- Refuge Astronomer Cruls Location of Refuge Astronomer Cruls in Antarctica
- Coordinates: 62°14′34″S 58°58′51″W﻿ / ﻿62.242778°S 58.980833°W
- Country: Brazil
- Location in Antarctica: Nelson Island South Shetland Islands Antarctica
- Administered by: Brazilian Antarctic Program
- Established: 25 January 1985
- Elevation: 15 m (49 ft)

Population
- • Total: Up to 6;
- Time zone: UTC-3 (BRT)
- Type: Seasonal
- Period: Summer
- Status: Operational
- Website: PROANTAR

= Refuge Astronomer Cruls =

Refuge Astronomer Cruls (Refúgio Astrônomo Cruls) is a Brazilian Antarctic summer facility named after astronomer Luis Cruls who set up an expedition in 1882 to Punta Arenas in order to observe the passage of Venus across the disk of the Sun. The structure, established on 25 January 1985, is situated on Nelson Island (South Shetland Islands), southwest of King George Island, South Shetland Islands, Antarctica.

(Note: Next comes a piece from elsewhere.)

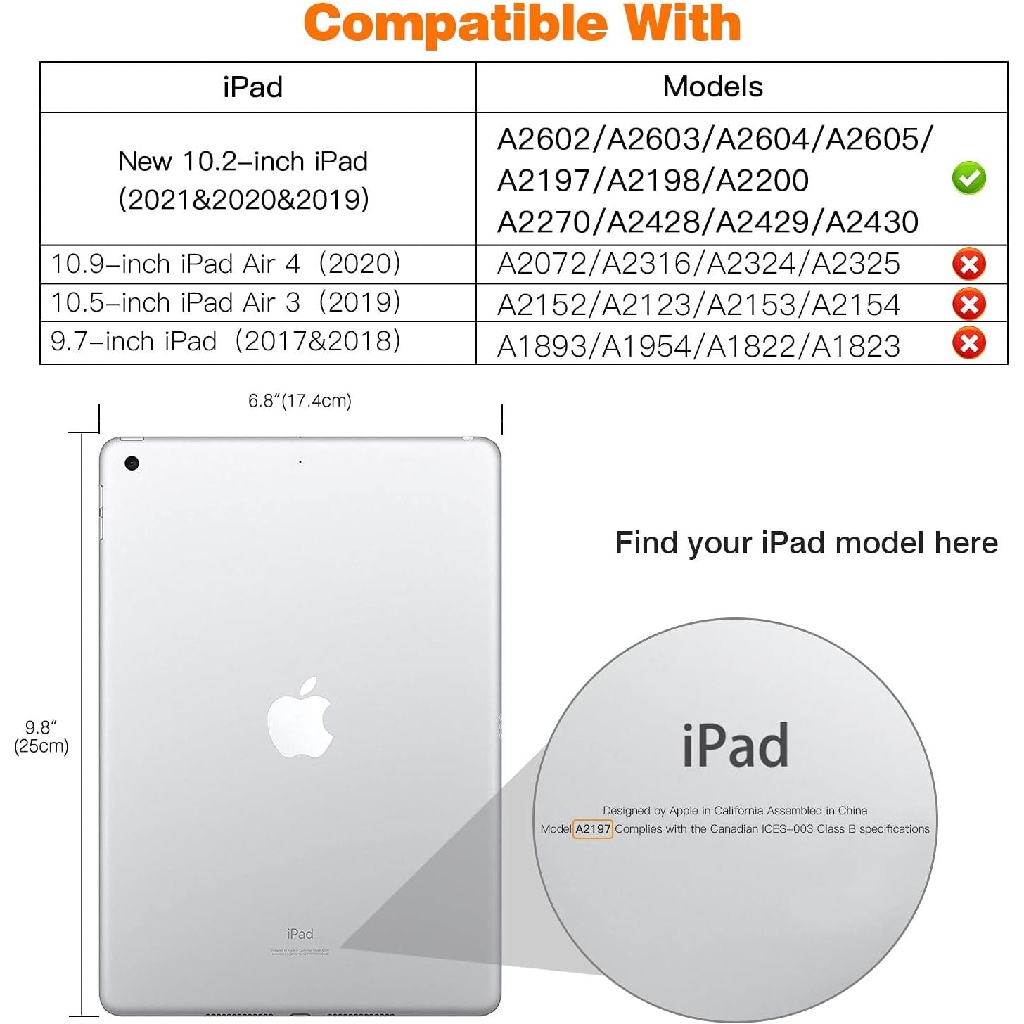 - Compatibility : Designed exclusively compatible Apple iPad 9th Generation 2021 (Model: A2602, A2603, A2604, A2605) / iPad 8th Generation 2020 (Model: A2270, A2428, A2429, A2430), iPad 7th Generation 2019 (Model: A2197, A2198, A2200). Note: DO NOT fit other Tablet. Access to all features and controls

The refuge, which can accommodate up to 6 scientists for up to 40 days, depends both logistically and administratively on Comandante Ferraz station. Together with Refuge Emílio Goeldi, located on Elephant Island, constitute the basic infra-structure to support the Brazilian Antarctic Program in Antarctica.